Rick has an interesting take on this journey the audience will take, saying he’s “a huge fan of theater’s ability to suggest and describe, rather than demonstrate.” Movies, he believes, require literal visuals — an actual train and an actual elephant, for instance.
“But in the theater, the opposite is true. We want to play along; we want to imagine in the theater.”
And if Rosie is as central to the story as Rick suggests, the story’s main character, Jacob Jankowski, is the perfect stand-in for us all.

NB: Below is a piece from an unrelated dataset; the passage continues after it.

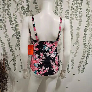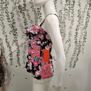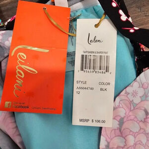 This is a brand new with tags Leilani swimsuit. It is a tankini top with a floral pattern. The swimsuit is black with pink and white flowers. It has a ruffled neckline and adjustable straps. The swimsuit is size 12.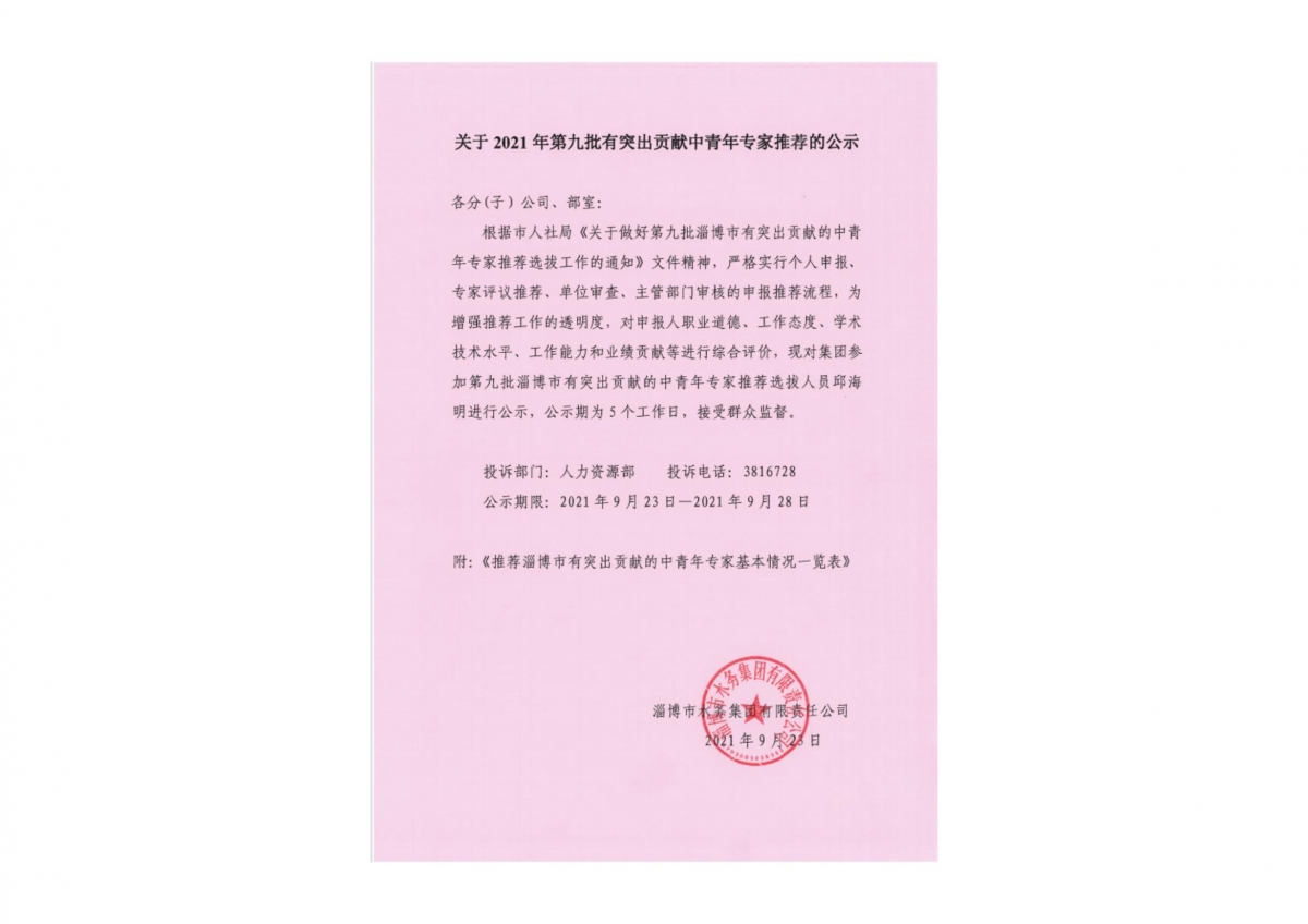 關(guān)于2021年第九批有突出貢獻(xiàn)中青年專(zhuān)家推薦的公示

“We all know what that’s like to ‘jump a train,’” Rick says. “To take a risk to find someplace, to belong somewhere, to be part of something — part of a group. So, while our show tells the story of this particular group, it’s hard not to be touched by those eternal issues of wanting to belong, wanting to achieve, wanting to be respected, wanting to find a home.”
Daniel is moved by Jacob’s drive to communicate with beings both human and animal.
“The sheer wonder he experiences whenever he meets an animal for the first time, from Queenie the mutt to Rosie the marvel — I find that very moving. That he and Marlena fall in love through their shared sense of extraordinary empathy is what first pulled me into the romance of the story.”
At the end of the day, Water for Elephants is a story about finding what it means to belong. While it’s set in the challenging years of the Great Depression, the story speaks to any and everyone who has felt marginalized and/or disenfranchised. If the phrase “water for elephants” is a metaphor for burdens one carries, the burdens are more easily carried when carried together.
“Life is more interesting, more challenging, more fulfilling, and more wonderful, when we are part of something bigger than ourselves,” says Rick. “This show is a dramatic reminder that it’s the people who help us with our heavy loads. They are, in fact, our home.”